Rowley backed away slowly, the bear followed slowly. Then Rowley had a funny thought: I wonder what is its motivation? Curiosity? She quickly decided that it wasn't really important. She backed away a little faster, the bear followed a little faster.
Rowley went through her mental list of how to prevent bear attacks. Play dead? A good last resort. Pepper spray? Didn't have it. Drop a backpack to distract the bear? She wasn't wearing one. All Rowley had was her iPhone.

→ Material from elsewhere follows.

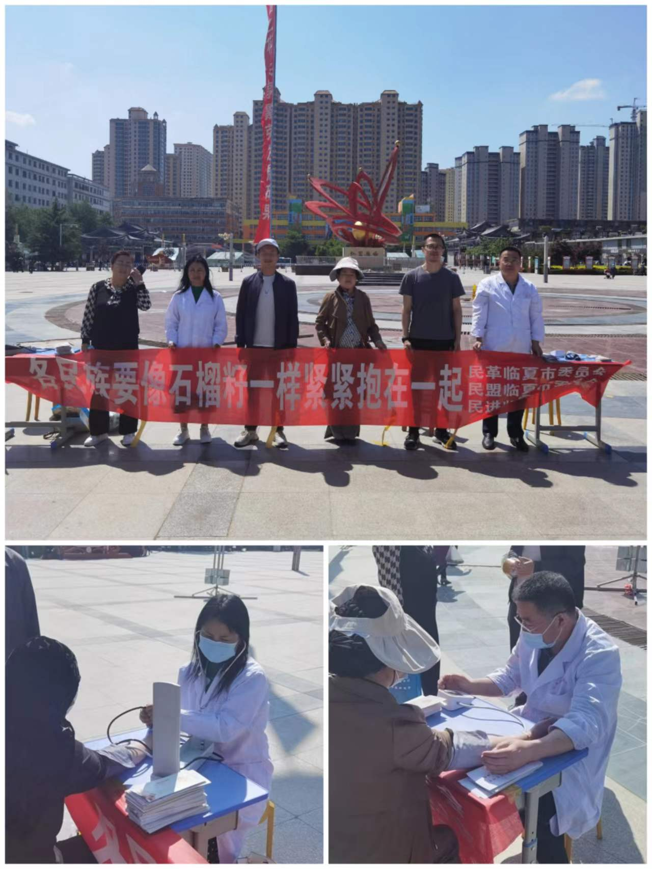 5月24日,民革临夏市委会联合民盟临夏市委会、民进临夏市委会在临夏市红园广场开展第19个民族团结进步宣传月集中宣传活动。民革党员中的医务工作者积极参加宣传活动并为群众免费义诊。

She could use one of her lifelines and phone a friend. Or maybe there was an anti-bear app among the 80,000 apps on the App Store. There's Battle Bears, Bears on a Wire, Bear Beware, Chicago Bears, Go Bears!, My Teddy Bears, Goldilocks and the Three Bears. The bear closed within 30 feet. "In a semi-panic, I threw the phone at the bear," Rowley says.
Turns out the bear was an Apple fanboy.
The bear sniffed and pawed at the iPhone, as Rowley briskly made her exit. Apparently, Rowley was not too concerned that her iPhone was now in the possession of a dangerous teenager and should be considered a data security breach.
One might think that this is a story with a happy ending. However, in the old Mad Magazine tradition of providing what-happened-next continuations of the classic fairy tales, Kaneshige revealed a coda on how Apple managed to fumble what could have been a great marketing pitch:
Two days later, armed with a baseball bat, Rowley returned to the scene of the crime. She wanted her iPhone back—and found it. Of course, it was marred with teeth and claw marks.
Rowley figured the good folks at Apple would understand and help her out. Heck, they might even applaud the iPhone's new application for self-defense. Alas, they didn't believe her. (If Apple doesn't believe the CISO of the state of Vermont, then the rest of us don't stand a chance.)
"I had to buy a new phone or forfeit my contract if I canceled, so I purchased a new phone at full price," Rowley says, although she doesn't seem too mad about it. "While saddened about my mangled iPhone, better the phone than me."
Perhaps Apple decided that this was a dangerous trend. What would they do if everyone gave up their iPhone to a bear so readily?